2. Membuat adonan cerorot
Rebus santan, gula merah, gula pasir, garam, dan daun pandan sambil diaduk hingga gula larut sempurna. Saring dan biarkan hingga hangat atau dingin. Dalam wadah terpisah, campurkan tepung beras dan tepung tapioka. Tuang larutan gula dan santan sedikit demi sedikit ke dalam campuran tepung sambil diaduk rata sampai licin dan tidak ada adonan yang menggumpal.
3. Proses pengukusan
Panaskan panci pengukus. Tuang adonan ke dalam wadah kerucut hingga terisi sekitar 3/4 bagian. Kukus selama kurang lebih 20-30 menit dengan api sedang hingga adonan memadat dan matang sempurna. Angkat dan biarkan dingin agar teksturnya lebih set dan kenyal.
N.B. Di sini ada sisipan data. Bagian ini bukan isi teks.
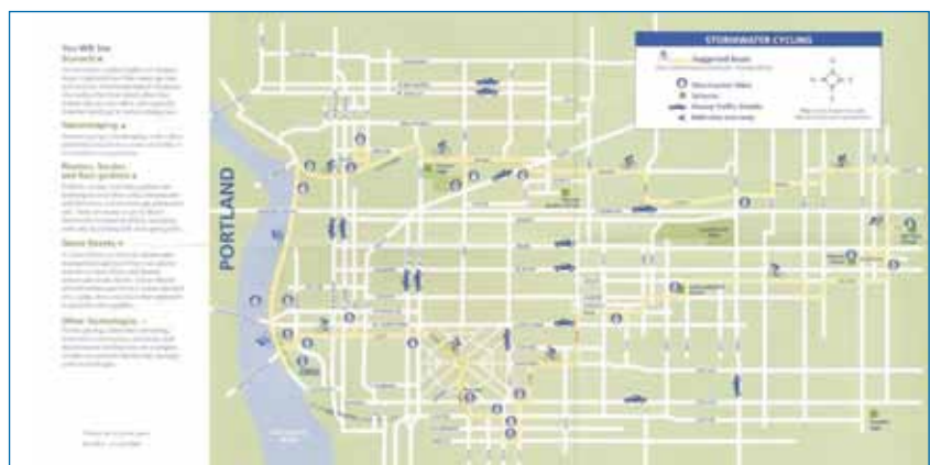
Figure 6 Stormwater cycling tour guide

As the implementation of the various SuDS structures became commonplace across Portland, so the diversity and availability of outreach collateral increased. Perhaps the most inventive and seemingly ambitious example of the outreach is the Stormwater cycling tour (Portland Bureau of Environmental Services, 2011). This guide (Figure 6) details a 21-stop cycling tour around Portland's city centre that visits an array of SuDS implementation sites, with explanations of how the techniques work that empower the public in a cost-effective and multiple beneficial way, ie by encouraging outreach collateral for the public (citizens and visitors) to embark on city centre cycling tour to visit SuDS locations. And with notable subtlety, the tour ends back at the Willamette River waterfront and encourages people to stop and read the interpretive signs along the river bank, which highlight the importance of good river health. This initiative also supports the aim to promote good health through exercise for the citizens of Portland. There is also a similar themed walking tour around nearby Portland State University.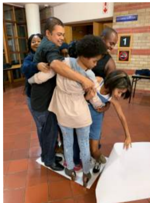
Engaging and fun “Seven on the mat”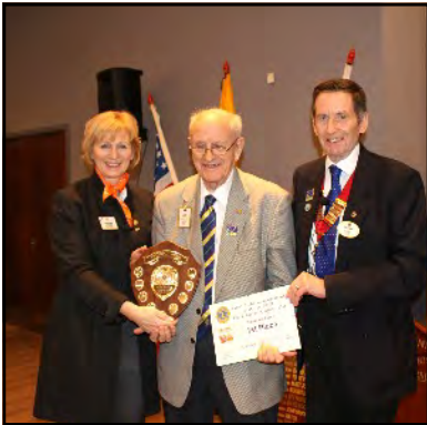
Peace Poster (Ipswich)

Resolution to increase to £11 was defeated on the recommendation of the District Treasurer.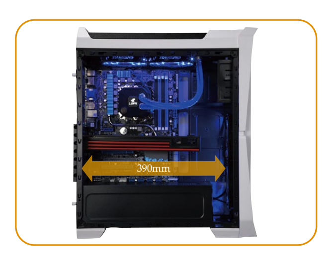
Supports the latest long VGA card (390mm Max.)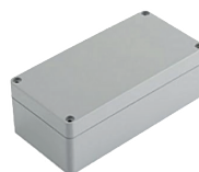
Fuse Box MT Code: FB1003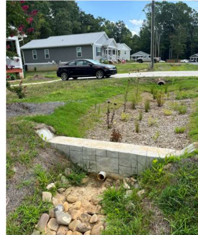
The Award-Winning Odie Street Stormwater Green Infrastructure Project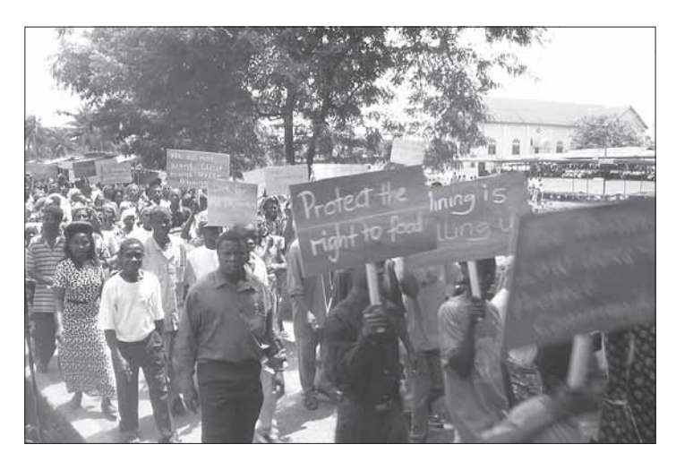
Affected communities protesting against mining, Ghana 2002.

Once you know the investors that are involved, you need to find out as much as possible about them, their specific involvement in that project and their position on human rights.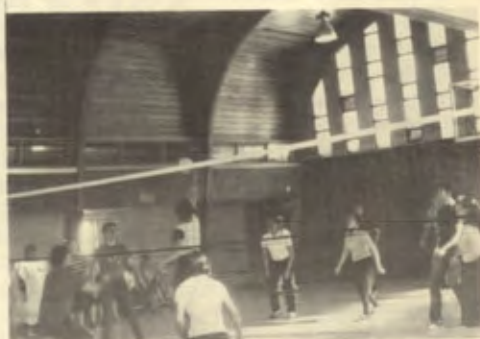
ABI Annual Volleyball Tournament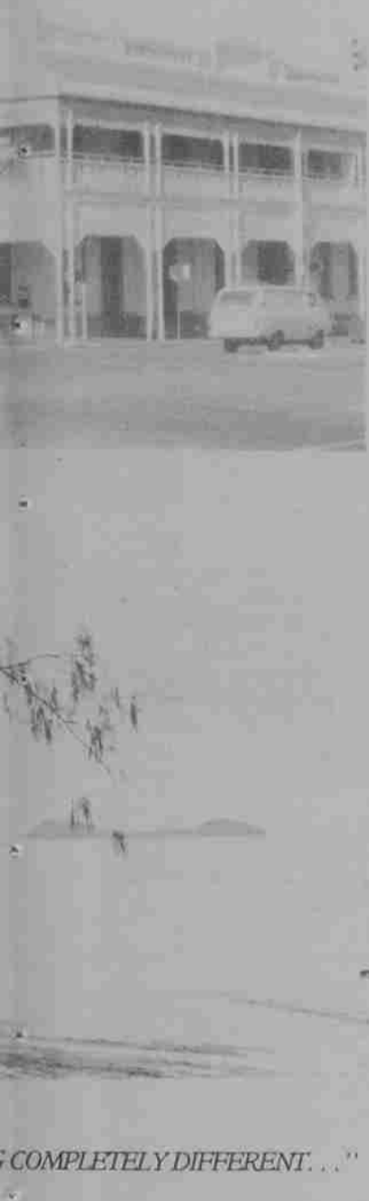
COMPLETELY DIFFERENT. ..."

In the next Down Under Log , I'll get into the nuts and bolts of travelling to Australia, where and how to go, and, most importantly, how much it will cost you, as the adventurer.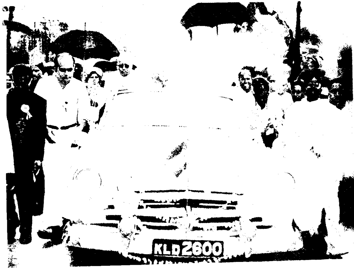
Dr. S. Radhakrishnan, Shri B.R. Medhi and Shri U.N. Dhebar being taken in procession in Ootacamund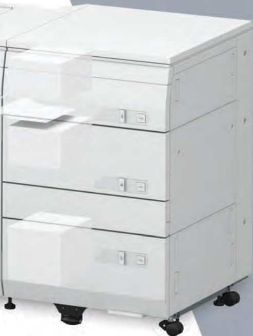
imagePRESS V1000 shown with optional accessories.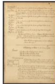
Minutes of the Supreme Court of Judicature of the State of New York, January 1782 (NYSA_JN531-17_V15_06_p097-123)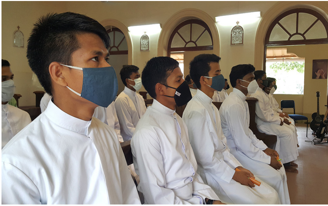
New Juniors in Vinalaya

The first step towards getting somewhere is to decide that you are not going to stay where you are”, says J.P. Morgan.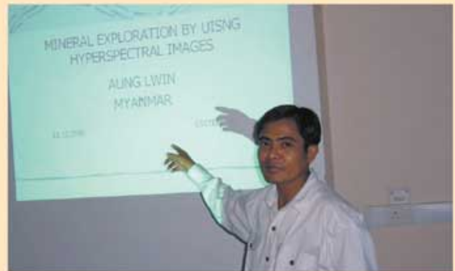
Participant making Seminar presentation

management. The topics of the pilot projects were chosen by the course participants based on their area of interest, interest of parent organizations of the participants, expertise available at IIRS etc. The broad topics of the pilot projects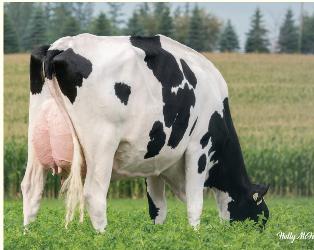
GLEN ISLAY CINDERDOOR STARLING VG-87-2YR-CAN

RIGHT -LEFT: GLEN ISLAY CINDERDOOR STARLING VG-87-2YR-CAN GLEN ISLAY CINDERDOOR FROST NC GLEN ISLAY CINDERDOOR RUMMY NC GLEN ISLAY CINDERDOOR BOMBA NC FIELDHOLME CINDERDOOR COOCHIE NC GLEN ISLAY CINDERDOOR BRYNN VG-85-2YR-CAN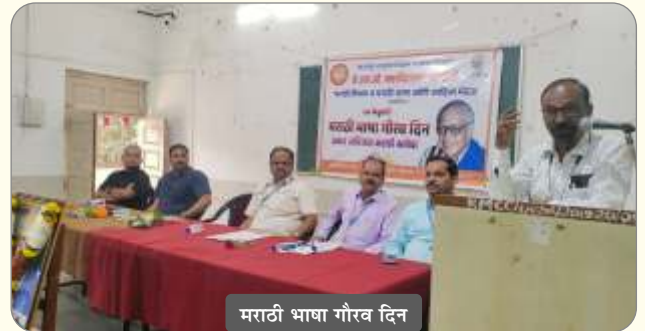
मराठी भाषा गौरव दिन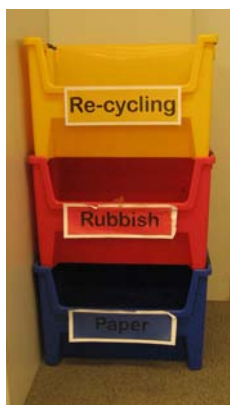
Central recycling station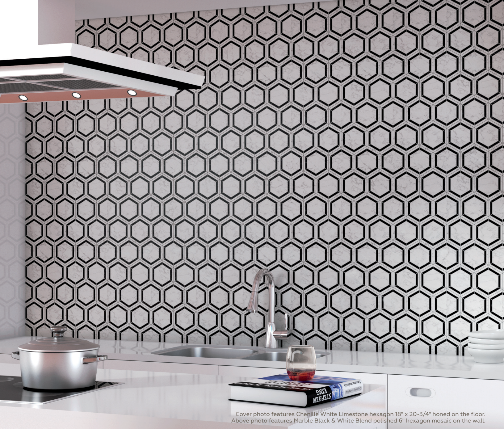
Cover photo features Chenille White Limestone hexagon 18" x 20-3/4" honed on the floor. Above photo features Marble Black & White Blend polished 6" hexagon mosaic on the wall.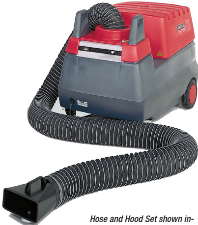
Hose and Hood Set shown installed on Mobiflex® base unit

Hose and Hood Set Flexible extraction hose with magnetic hood set. Ideal for those hard to access fume extraction applications. Hose is reinforced with outside steel rings to protect against wear and crushing. Diameter of hose is 5.75 in. (146 mm), length is 16.4 ft. (5 m). Includes one clamp. Order 7900068030

Untuk menikmati jajan cerorot, Anda tidak perlu membuka seluruh balutan daunnya dari atas. Cukup tekan atau dorong bagian bawah atau ujung kerucut yang runcing menggunakan jempol hingga isi kue terdorong keluar dari bagian atas wadah. (RRI/Dewa Arta).
Rekomendasi Berita
Memuat berita terbaru.....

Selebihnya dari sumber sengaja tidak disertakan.